Entries supplied Block Start
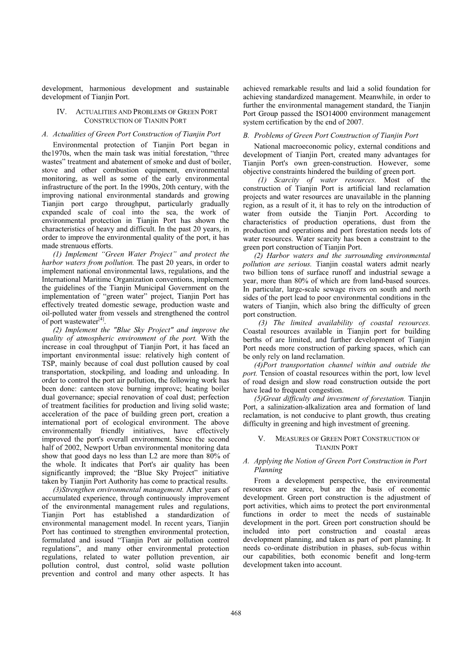 从发展的角度看,环境资源稀缺,但这是经济发展的基础。绿色港口建设是港口活动的调整,旨在保护港口环境功能,以适应港口可持续发展的需要。绿色港口建设应纳入港口建设和沿海地区发展规划,并作为港口规划的一部分。 它需要分阶段进行协调分配,在我们的能力范围内进行分重点考虑,同时考虑到经济利益和长期发展。
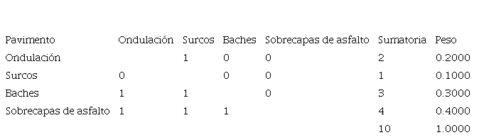 Como ejemplo de la utilización del Método Delphi, se presenta el análisis de los daños por evaluar en el elemento pavimento del componente accesorios. Se evalúan ondulación, surcos, baches y sobrecapas de asfalto, no se evaluará el agrietamiento. En la figura 2 se presenta el análisis.
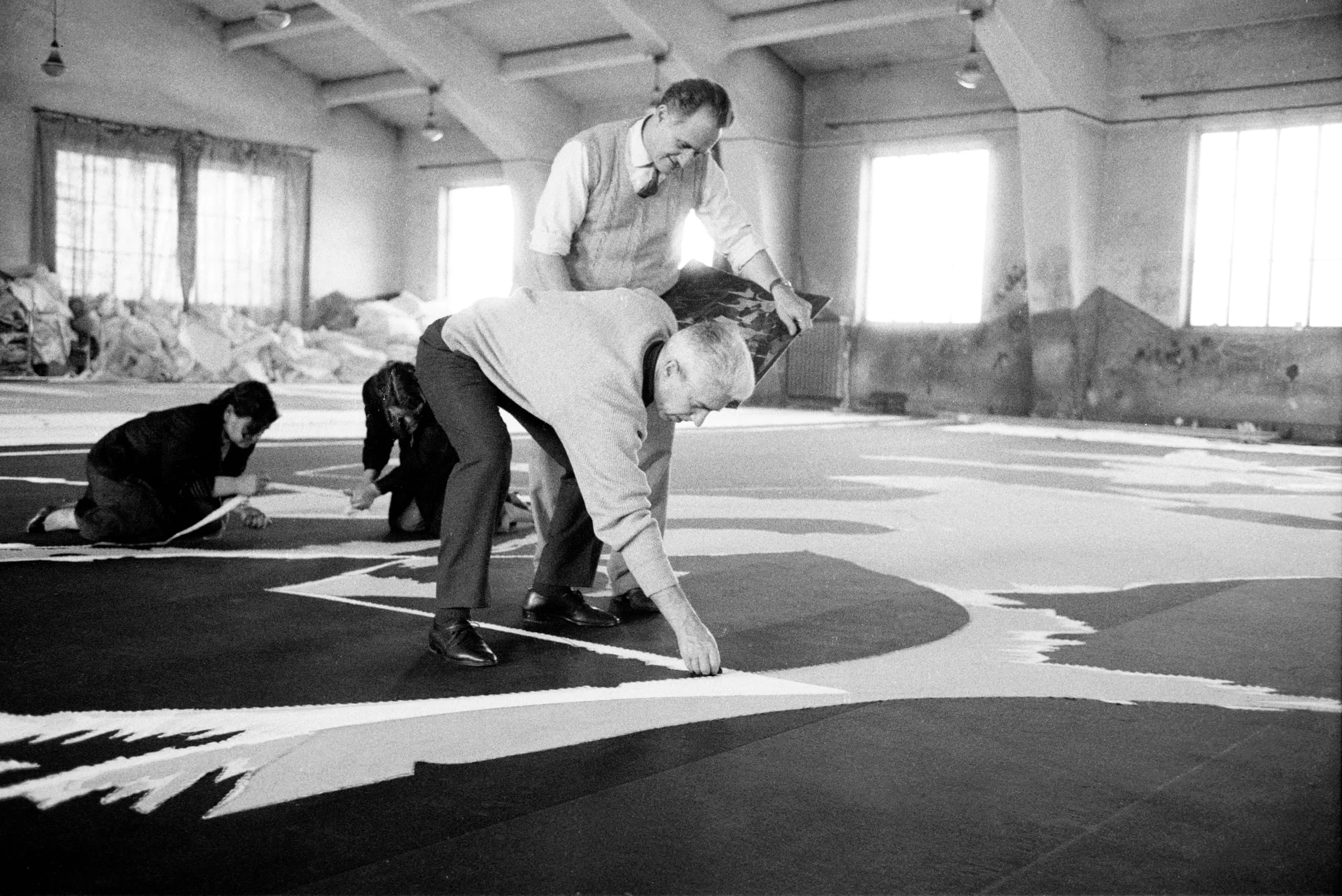 Black and white photograph of four people working on a large-scale black and white floor composition inside a bare industrial room with high windows
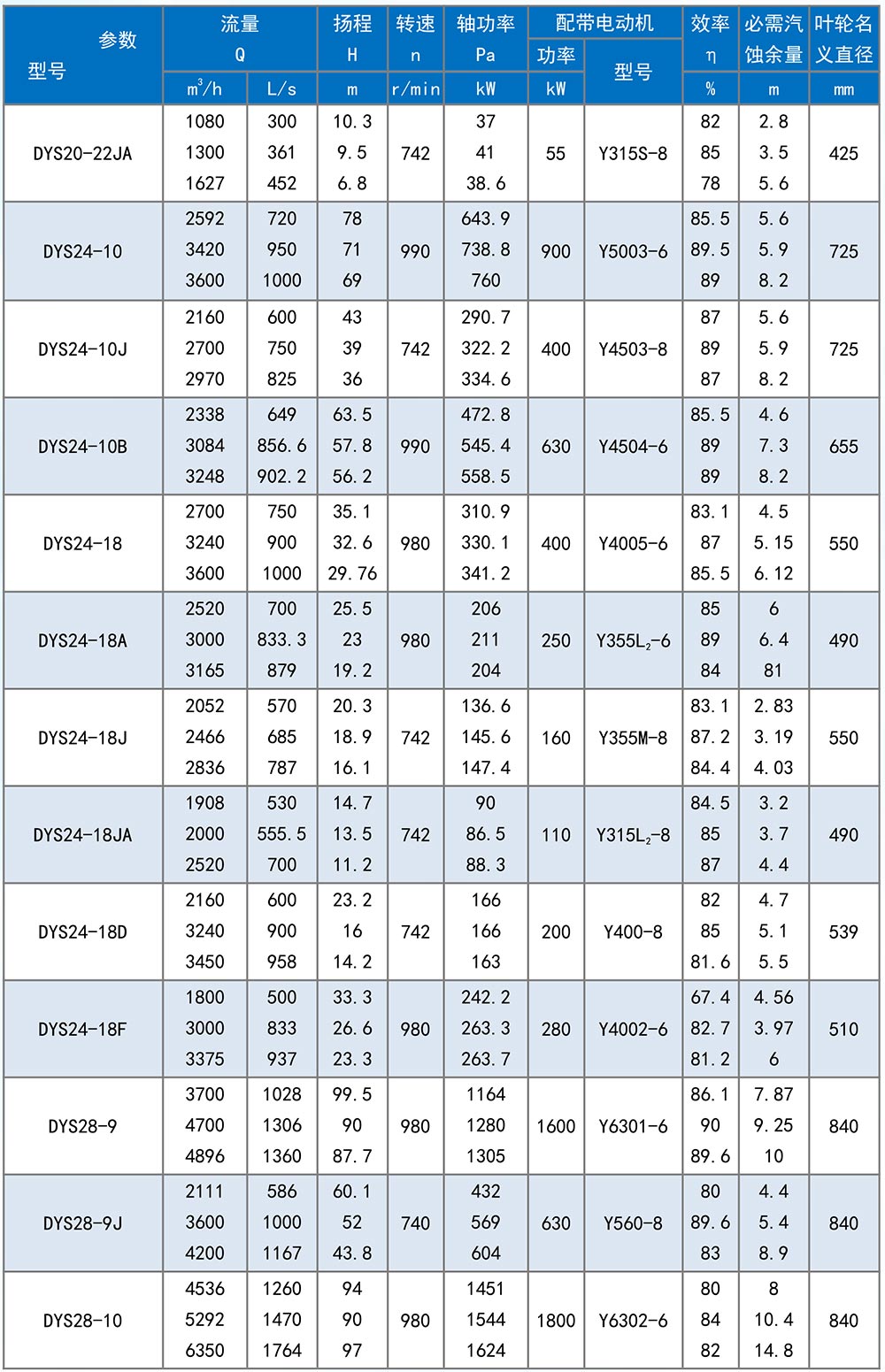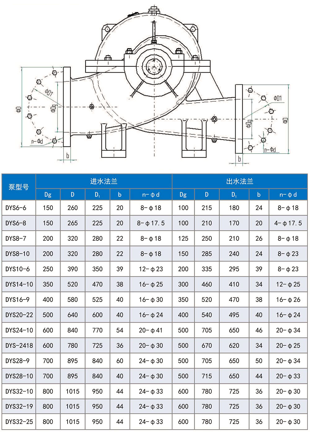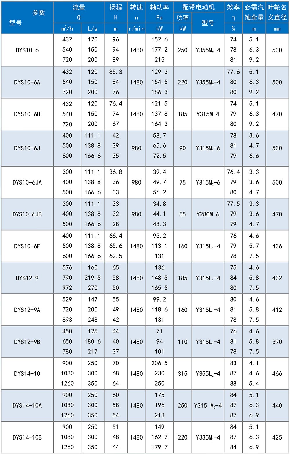 DYS 型單級(jí)雙吸水平中開泵標(biāo)準(zhǔn)性能參數(shù)表
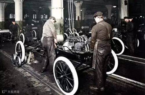 图片显示的是福特汽车生产线,这创造了现代工业基本生产方式。福特的贡献是,发明了汽车生产线,实现了汽车的产品开发,汽车生产的产业化。流水线之前,汽车工业完全是手工作坊型,按这种方式生产的汽车,每一辆都不一样,效率低、成本高。
Entries supplied Block End
Problem statement :: Once the line containing "Como ejemplo de" is found, write it out exactly along with every line after it through the end of the listing, excluding pictures.

Final answer ::
 Como ejemplo de la utilización del Método Delphi, se presenta el análisis de los daños por evaluar en el elemento pavimento del componente accesorios. Se evalúan ondulación, surcos, baches y sobrecapas de asfalto, no se evaluará el agrietamiento. En la figura 2 se presenta el análisis.
 Black and white photograph of four people working on a large-scale black and white floor composition inside a bare industrial room with high windows
 DYS 型單級(jí)雙吸水平中開泵標(biāo)準(zhǔn)性能參數(shù)表
 图片显示的是福特汽车生产线,这创造了现代工业基本生产方式。福特的贡献是,发明了汽车生产线,实现了汽车的产品开发,汽车生产的产业化。流水线之前,汽车工业完全是手工作坊型,按这种方式生产的汽车,每一辆都不一样,效率低、成本高。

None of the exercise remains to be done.